IOWs, I don't think the log size is a contributing factor here.
The indication from the logs is that the system is hung up waiting on slow journal writes. e.g. there are processes hung waiting for transaction reservations (i.e. no journal space available). Journal space is backed up on metadata writeback trying to force the journal to stable storage (which is blocked waiting for journal IO completion so it can issue more journal IO) and getting blocked so it can't make progress, either.
I think part of the issue is that journal writes issue device cache flushes and FUA writes, both of which require written data to be on stable storage before returning.
All this points to whatever storage is backing these VMs is extremely slow at guaranteeing persistence of data and eventually it can't keep up with the application making changes to the filesystem. When the journal IO latency gets high enough you start to see things backing up and stall warnings appearing.
IOWs, this does not look like a filesystem issue from the information presented, just storage that can't keep up with the rate at which the filesystem can make modifications in memory. When the fs finally starts to throttle on the slow storage, that's when you notice just how slow the storage actually is...

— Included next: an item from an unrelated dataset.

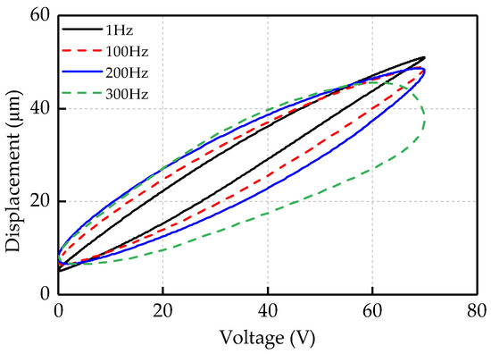 Piezoelectric actuators are widely used in the fields of micromachining [41,42]. In the field of ultra-precision machining, there are higher requirements for the positioning accuracy of micro-position devices such as piezoelectric actuators. Due to the increase in frequency, the dynamic hysteresis characteristics of piezoelectric actuators have a greater impact on the positioning accuracy of the system [43,44].

[ Historical note: this is exactly the sort of thing we have seen for years with hardware RAID5/6 adapters with large amounts of NVRAM and random write workloads. They run as fast as NVRAM can sink the 4kB random writes, then when the NVRAM fills, they have to wait for hundreds of MB of cached 4kB random writes to be written to the RAID5/6 luns at 50-100 IOPS. This causes the exact same "filesystem is hung" symptoms as you are describing in this thread. ]

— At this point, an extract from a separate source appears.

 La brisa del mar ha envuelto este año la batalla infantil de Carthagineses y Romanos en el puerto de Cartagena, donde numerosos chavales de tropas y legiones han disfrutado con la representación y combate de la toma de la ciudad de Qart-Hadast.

Yeah, I’m very wary of reporting these tracebacks as potential bugs because of them easily being just a hint on slow storage. My problem here is that I can’t point to anything that says the storage would have been slow.
I’ve gone through all metrics and logs on the KVM servers as well as the Ceph servers and they’ve been performing completely at baseline level regarding errors, queues, iops, latency.
I’ve done a measurement to try to emulate those accesses by running
$ fio --rw=randrw --name=synctest --bs=4k --direct=1 --numjobs=1 --ioengine=libaio --iodepth=1 --runtime=600 --write_barrier=1 --size=60m
I hope this is sufficiently comparable behaviour (maybe with a different read/write ratio instead of 0.5?) to what XFS log flushing does. This resulted in [1].
My interpretation of this measurement (and the VM showed no illnes while this was running over 10 minutes): the VM is throttled at 250 IOPs and is reporting back after 10 minutes of 4k random writes with average IOPS of exactly 250. The latencies are a bit varied, this could be due to Qemu throttling. The max latency was 133ms, the average 2ms. This is on a 10g storage network with Ceph that requires another network roundtrip for replication before ACKing a write.
There is one more (somewhat far fetched thing) I could pull in here: out of 11 VMs that have seen that are exhibiting those symptoms I have seen two (including one already running on 6.12 at that time) that did log a stacktrace[2] that reminded me of the memory/folio issue we debugged late last year / earlier this year (https://lkml.org/lkml/2024/9/12/1472)) … maybe it’s worthwhile to consider whether this might be related. The outside symptoms are similar: it recovers on its own at some point and I can’t show any issue with the underlying storage at all.
I’m out of ideas for now, I’ll keep thinking about this. If anyone has any pointer for further tests in any direction, I’m open to anything. ;)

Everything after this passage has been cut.